(LISTED ENTRIES)
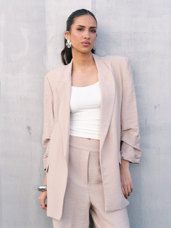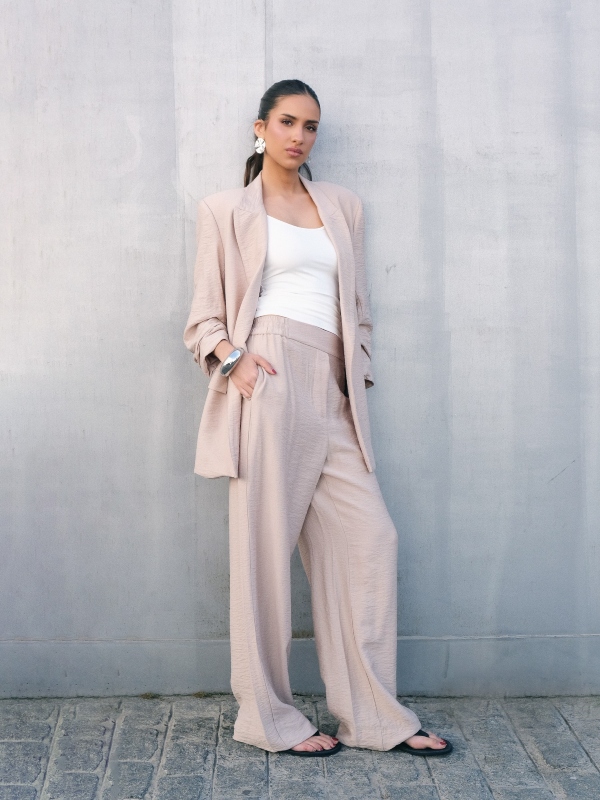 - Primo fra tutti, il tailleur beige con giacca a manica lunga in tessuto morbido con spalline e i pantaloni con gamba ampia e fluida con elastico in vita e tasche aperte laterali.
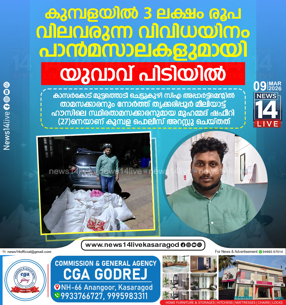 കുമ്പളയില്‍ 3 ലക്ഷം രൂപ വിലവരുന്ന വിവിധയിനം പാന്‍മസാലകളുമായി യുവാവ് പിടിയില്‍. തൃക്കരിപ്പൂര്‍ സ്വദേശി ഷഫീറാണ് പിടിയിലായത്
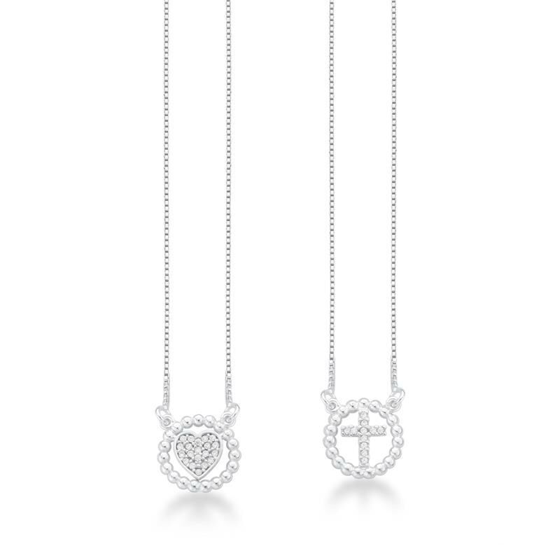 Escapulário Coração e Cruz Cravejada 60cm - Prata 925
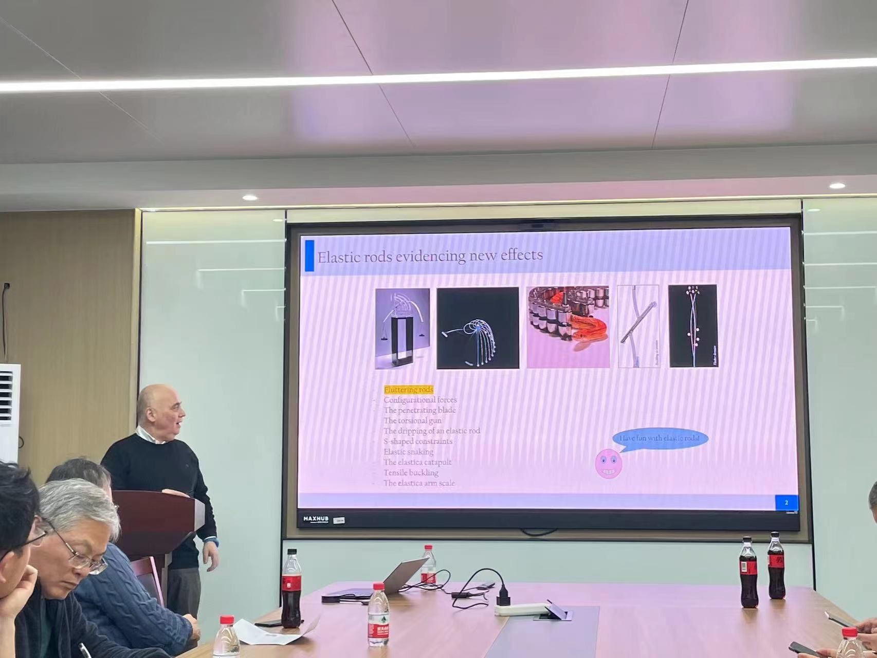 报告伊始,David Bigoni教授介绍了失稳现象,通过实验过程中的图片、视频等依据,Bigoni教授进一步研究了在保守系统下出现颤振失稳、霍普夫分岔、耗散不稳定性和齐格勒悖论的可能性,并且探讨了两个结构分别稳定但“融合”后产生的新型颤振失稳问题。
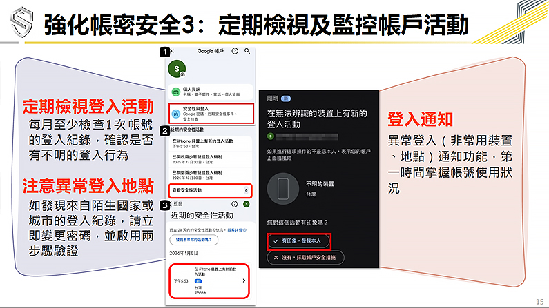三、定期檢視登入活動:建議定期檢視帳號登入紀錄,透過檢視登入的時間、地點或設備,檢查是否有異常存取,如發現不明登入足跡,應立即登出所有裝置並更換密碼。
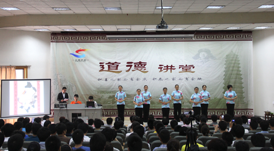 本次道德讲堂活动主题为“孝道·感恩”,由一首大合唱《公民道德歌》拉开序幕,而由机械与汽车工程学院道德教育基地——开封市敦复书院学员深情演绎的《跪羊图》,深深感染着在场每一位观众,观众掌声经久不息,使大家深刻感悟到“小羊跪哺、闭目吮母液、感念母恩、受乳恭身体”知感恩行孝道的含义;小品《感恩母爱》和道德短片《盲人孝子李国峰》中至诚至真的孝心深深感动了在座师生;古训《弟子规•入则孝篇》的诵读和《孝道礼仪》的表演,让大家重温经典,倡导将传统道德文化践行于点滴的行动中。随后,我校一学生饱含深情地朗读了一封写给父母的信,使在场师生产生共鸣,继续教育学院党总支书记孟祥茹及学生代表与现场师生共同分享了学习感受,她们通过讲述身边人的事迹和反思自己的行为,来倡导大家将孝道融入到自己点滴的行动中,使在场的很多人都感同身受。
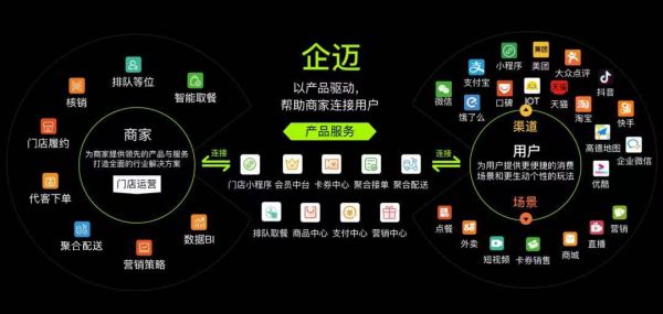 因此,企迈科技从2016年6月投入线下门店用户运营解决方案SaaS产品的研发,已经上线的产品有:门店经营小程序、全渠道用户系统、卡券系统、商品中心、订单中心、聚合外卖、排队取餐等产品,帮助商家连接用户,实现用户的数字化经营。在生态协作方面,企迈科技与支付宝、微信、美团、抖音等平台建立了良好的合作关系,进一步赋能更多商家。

* * *

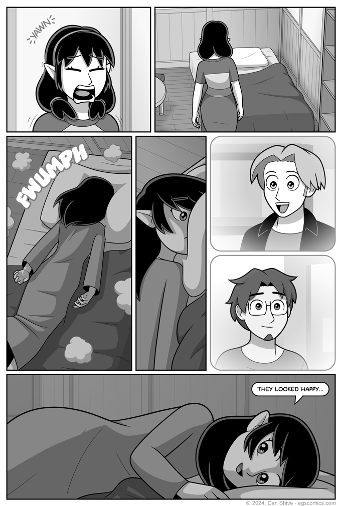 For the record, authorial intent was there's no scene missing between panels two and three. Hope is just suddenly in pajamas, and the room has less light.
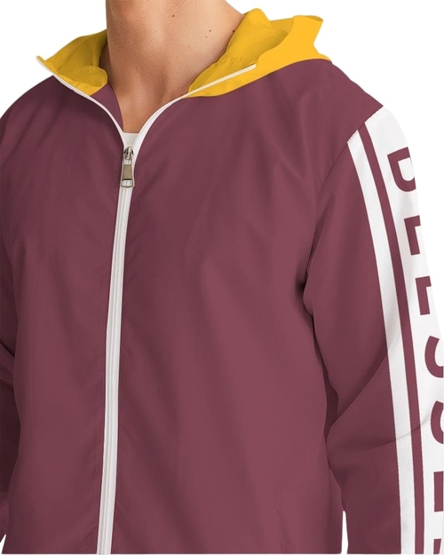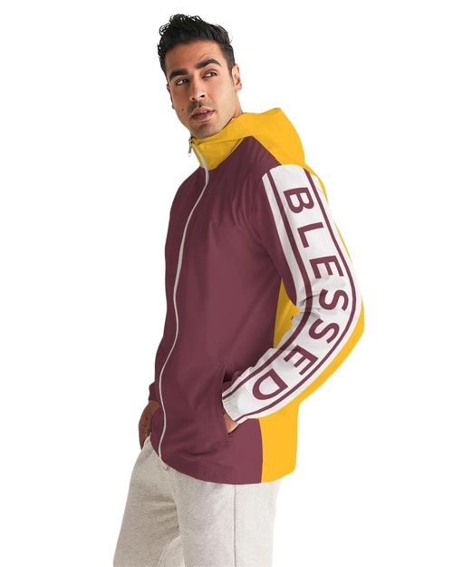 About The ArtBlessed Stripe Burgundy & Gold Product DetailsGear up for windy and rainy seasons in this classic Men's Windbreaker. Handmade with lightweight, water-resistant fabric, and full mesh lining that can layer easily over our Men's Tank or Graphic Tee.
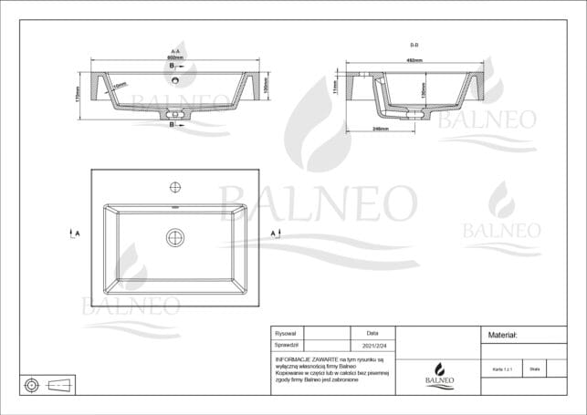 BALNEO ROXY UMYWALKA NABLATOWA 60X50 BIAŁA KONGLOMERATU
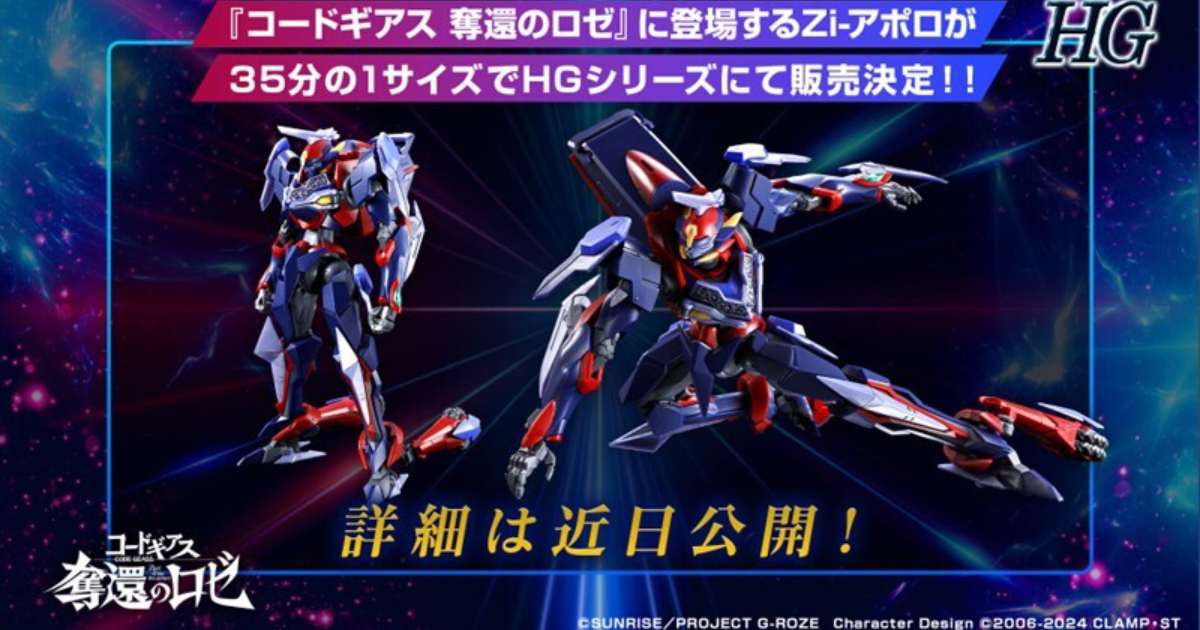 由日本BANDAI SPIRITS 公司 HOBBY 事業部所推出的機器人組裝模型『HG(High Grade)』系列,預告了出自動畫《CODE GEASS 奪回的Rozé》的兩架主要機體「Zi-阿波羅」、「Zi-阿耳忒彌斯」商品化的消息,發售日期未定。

(EXERCISE BRIEF) Starting at the line above that contains "- Primo fra", transcribe every line exactly through the line that contains "因此,企迈科技从2016年6", including that last one, and skip the pictures.

(RESPONSE FOR THIS EXERCISE)
 - Primo fra tutti, il tailleur beige con giacca a manica lunga in tessuto morbido con spalline e i pantaloni con gamba ampia e fluida con elastico in vita e tasche aperte laterali.
 കുമ്പളയില്‍ 3 ലക്ഷം രൂപ വിലവരുന്ന വിവിധയിനം പാന്‍മസാലകളുമായി യുവാവ് പിടിയില്‍. തൃക്കരിപ്പൂര്‍ സ്വദേശി ഷഫീറാണ് പിടിയിലായത്
 Escapulário Coração e Cruz Cravejada 60cm - Prata 925
 报告伊始,David Bigoni教授介绍了失稳现象,通过实验过程中的图片、视频等依据,Bigoni教授进一步研究了在保守系统下出现颤振失稳、霍普夫分岔、耗散不稳定性和齐格勒悖论的可能性,并且探讨了两个结构分别稳定但“融合”后产生的新型颤振失稳问题。
三、定期檢視登入活動:建議定期檢視帳號登入紀錄,透過檢視登入的時間、地點或設備,檢查是否有異常存取,如發現不明登入足跡,應立即登出所有裝置並更換密碼。
 本次道德讲堂活动主题为“孝道·感恩”,由一首大合唱《公民道德歌》拉开序幕,而由机械与汽车工程学院道德教育基地——开封市敦复书院学员深情演绎的《跪羊图》,深深感染着在场每一位观众,观众掌声经久不息,使大家深刻感悟到“小羊跪哺、闭目吮母液、感念母恩、受乳恭身体”知感恩行孝道的含义;小品《感恩母爱》和道德短片《盲人孝子李国峰》中至诚至真的孝心深深感动了在座师生;古训《弟子规•入则孝篇》的诵读和《孝道礼仪》的表演,让大家重温经典,倡导将传统道德文化践行于点滴的行动中。随后,我校一学生饱含深情地朗读了一封写给父母的信,使在场师生产生共鸣,继续教育学院党总支书记孟祥茹及学生代表与现场师生共同分享了学习感受,她们通过讲述身边人的事迹和反思自己的行为,来倡导大家将孝道融入到自己点滴的行动中,使在场的很多人都感同身受。
 因此,企迈科技从2016年6月投入线下门店用户运营解决方案SaaS产品的研发,已经上线的产品有:门店经营小程序、全渠道用户系统、卡券系统、商品中心、订单中心、聚合外卖、排队取餐等产品,帮助商家连接用户,实现用户的数字化经营。在生态协作方面,企迈科技与支付宝、微信、美团、抖音等平台建立了良好的合作关系,进一步赋能更多商家。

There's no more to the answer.